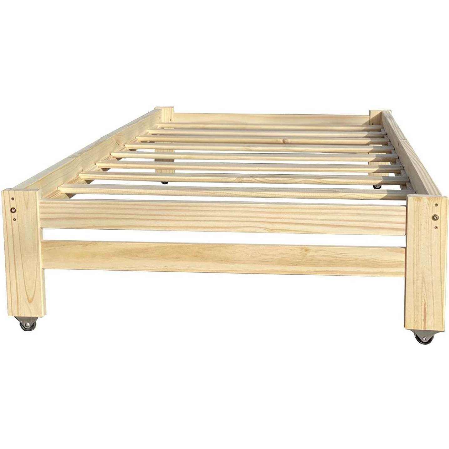 Twin size Platform Bed Frame on Casters. Minimalist design with no headboard or footboard. Great for college dorms, apartments, master bedroom, guest room, kids, teens, and adults. 350-lbs. max weight capacity. Bed rolls smoothly on 4 wheels. Wheels are removeable. Made from solid pine wood and hardwood slats. Unfinished wood bed. Ready to finish. Perfect for you wood painting project. You can varnish, paint or wax it. Or, just leave it unfinished. Each piece is sturdily built to last. Bed can be used for decades. With a simple and minimalist platform bed design, both boys and girls love this bed. Features hardwood slats to support your standard size mattress.. Mounting hardware, screws, slats and side rails are included. Philips screwdriver required (not included). Similar beds are sold at exclusive stores for more than double the price. Made with sustainable plantation grown wood with respect of the environment and wildlife. Quality furniture at affordable prices.
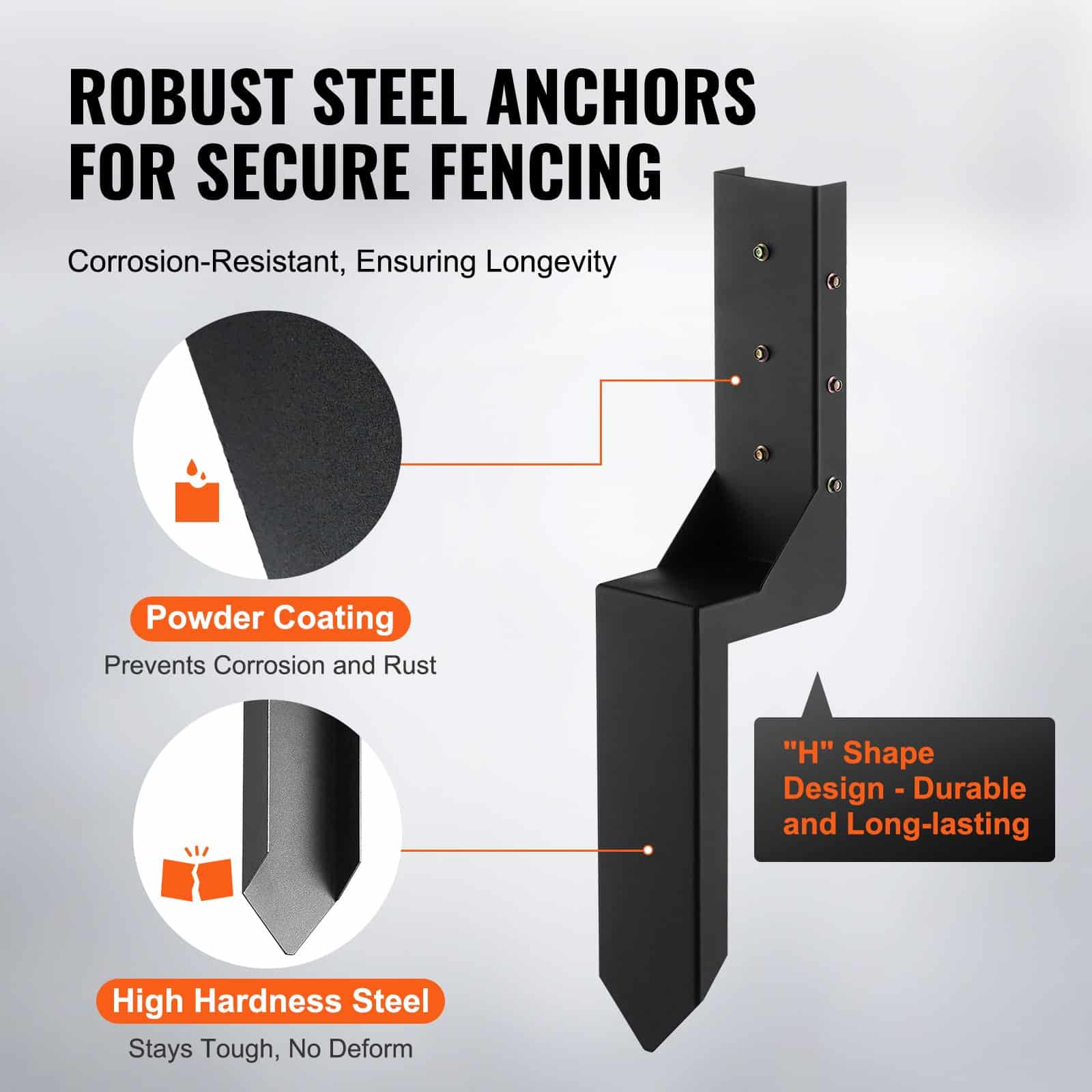 VEVOR Smagā Tērauda Žoga Stabu Enkuru Remonta Komplekts, 4 Gab. - Piemērots 8.9 x 8.9 cm (3.5 x 3.5 collu) Koka Stabiem, 61 cm Enkurs Remontam Sagrieztiem vai Salauztiem Koka Žogiem, Korozijas Izturīgs
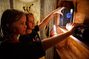 Bij een indoor escapegame spelen de kinderen in een thematische ruimte.
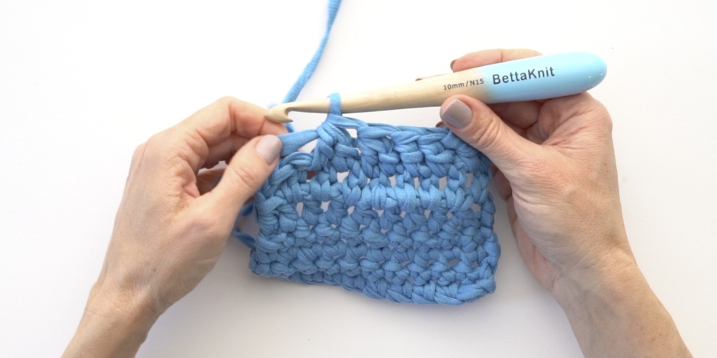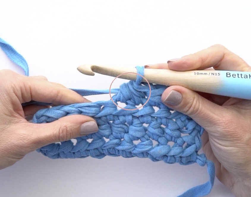 - Inserisci l’uncinetto nella maglia successiva.

* * * * * * * * *

**Prompt**.
In your transcription of the listing above, match each line exactly and include no pictures.

**Exercise answer**.
 Twin size Platform Bed Frame on Casters. Minimalist design with no headboard or footboard. Great for college dorms, apartments, master bedroom, guest room, kids, teens, and adults. 350-lbs. max weight capacity. Bed rolls smoothly on 4 wheels. Wheels are removeable. Made from solid pine wood and hardwood slats. Unfinished wood bed. Ready to finish. Perfect for you wood painting project. You can varnish, paint or wax it. Or, just leave it unfinished. Each piece is sturdily built to last. Bed can be used for decades. With a simple and minimalist platform bed design, both boys and girls love this bed. Features hardwood slats to support your standard size mattress.. Mounting hardware, screws, slats and side rails are included. Philips screwdriver required (not included). Similar beds are sold at exclusive stores for more than double the price. Made with sustainable plantation grown wood with respect of the environment and wildlife. Quality furniture at affordable prices.
 VEVOR Smagā Tērauda Žoga Stabu Enkuru Remonta Komplekts, 4 Gab. - Piemērots 8.9 x 8.9 cm (3.5 x 3.5 collu) Koka Stabiem, 61 cm Enkurs Remontam Sagrieztiem vai Salauztiem Koka Žogiem, Korozijas Izturīgs
 Bij een indoor escapegame spelen de kinderen in een thematische ruimte.
 - Inserisci l’uncinetto nella maglia successiva.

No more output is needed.